The first radio broadcast in the Netherlands dates from november 1919, i.e. over 100 years ago. The transmission, a live concert in AM, Amplitude Modulation, is said to be a european and even a world scoop.
For a long time AM was the modulation type of choice, from the 20-ties to the 50-ies and 60-ies of the previous century. The type of modulation is
very simple: just vary the amplitudes of the carrier in the rythm of the audio.
The most simple transmitter would be an oscillator with something like
a carbon mike in the antenna lead. Decoding can also be very simple, a coil,
a diode and a head phone would give - with some antenna - sound.
The drawback of AM, primarily transmitted on medium and shortwaves,
is the sensitivity to interferences and noise.
These interferences affect the amplitudes of the received signal, and since the amplitudes (or better the deviations in the amplitudes) are the information carriers, AM is - especially in the built environment - rather noisy. All kinds of electrical equipment,
especially those small power adapters, generate sufficent noise to make
listening to AM transmissions not always a pleasure.
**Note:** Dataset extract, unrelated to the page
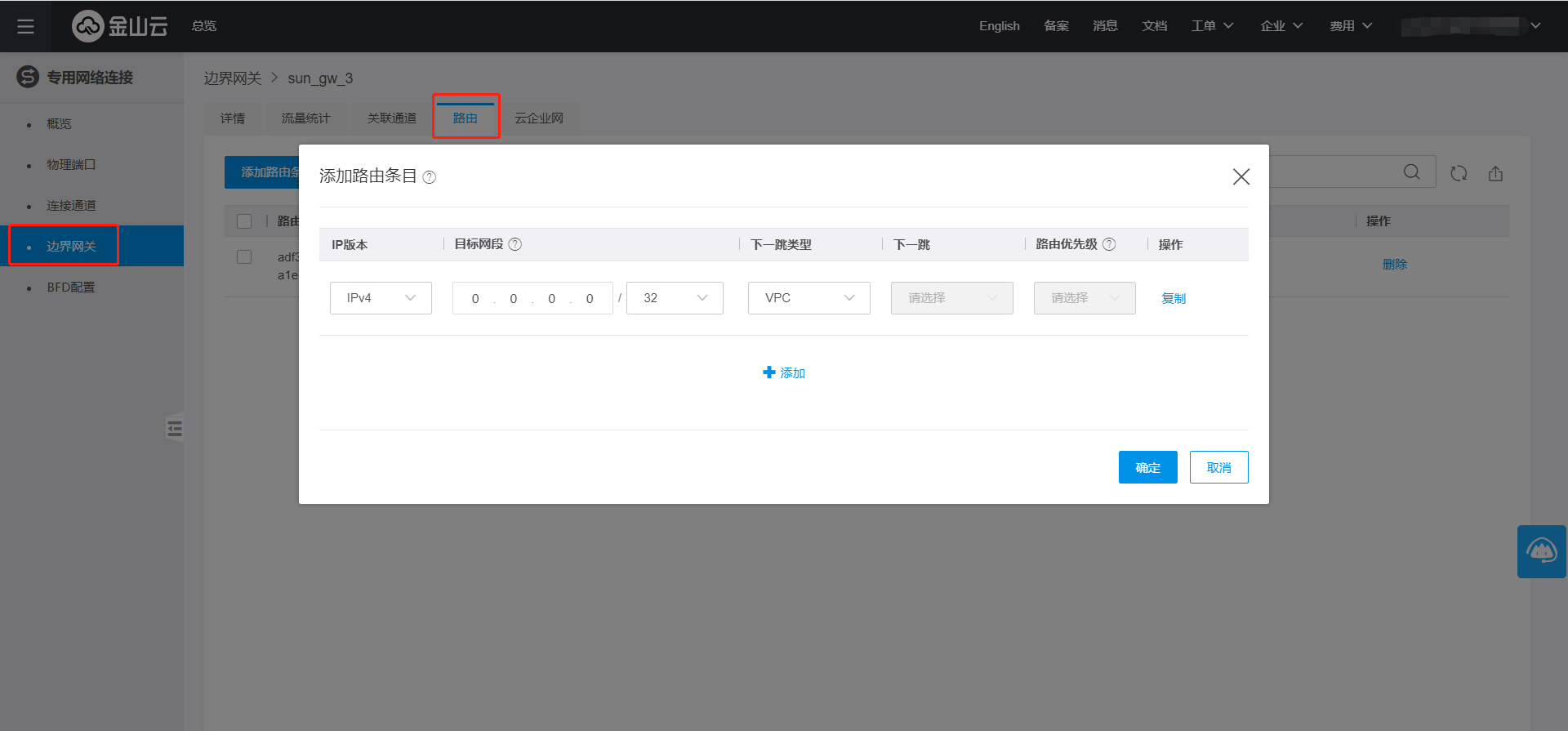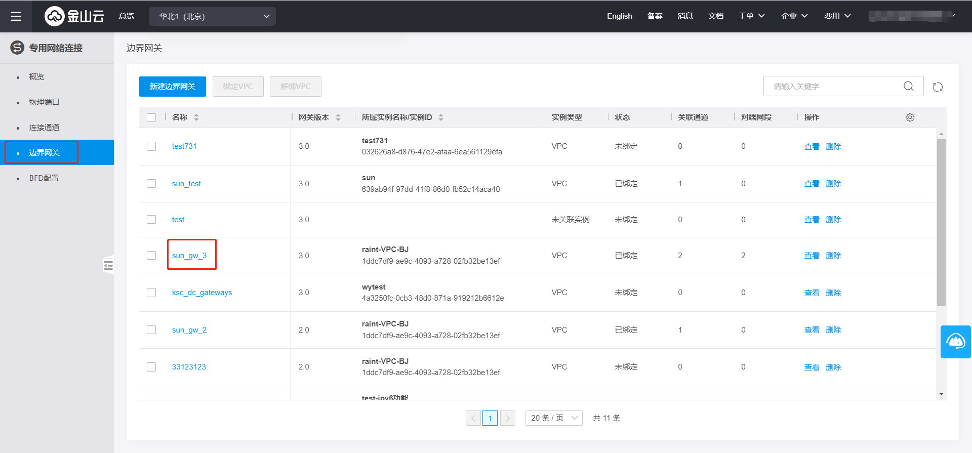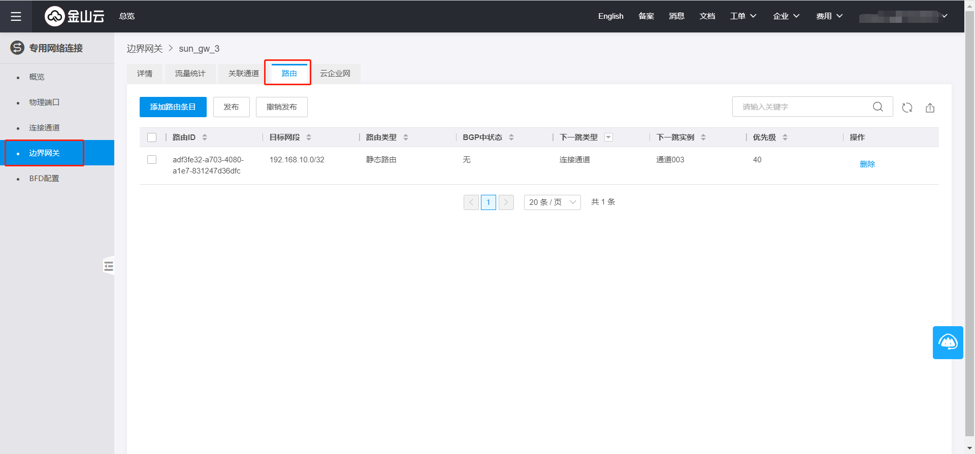 (1)在金山云控制台依次点击【网络】-【专线接入】-【边界网关】选项卡,点击需要配置的边界网关,进入边界网关详情页面。

Of course the advantage of using medium and shortwaves is that - depending on conditions - large distances can be bridged.
In the 30-ties there were radio connections between the Netherlands
and Indonesia wwith large shortwwave transmitters.
A second drawback of AM is that the transmission is not very energy efficient,
the signal has a carrier and two sidebands (see picture).
Since the information is stored in both sidebands, and since the carrier
takes 50 percent of the transmitted energy, the efficiency is not more than
25 percent.
Of course, the main advantage of AM is that equipment needed for receiving AM transmissions can be extremely simple, crystal receivers were the most basic ones. Books and magazines in the 30-ies of the previous century showed schemes and construction descriptions for DIY receivers varying from one tube straight receiver to many tube superheteodyne sets. Even in the 50-ies and early 60-ies, radio magazines (we had Radio Bulletin) gave building descriptions, including layouts for the chassis (I build a number of them).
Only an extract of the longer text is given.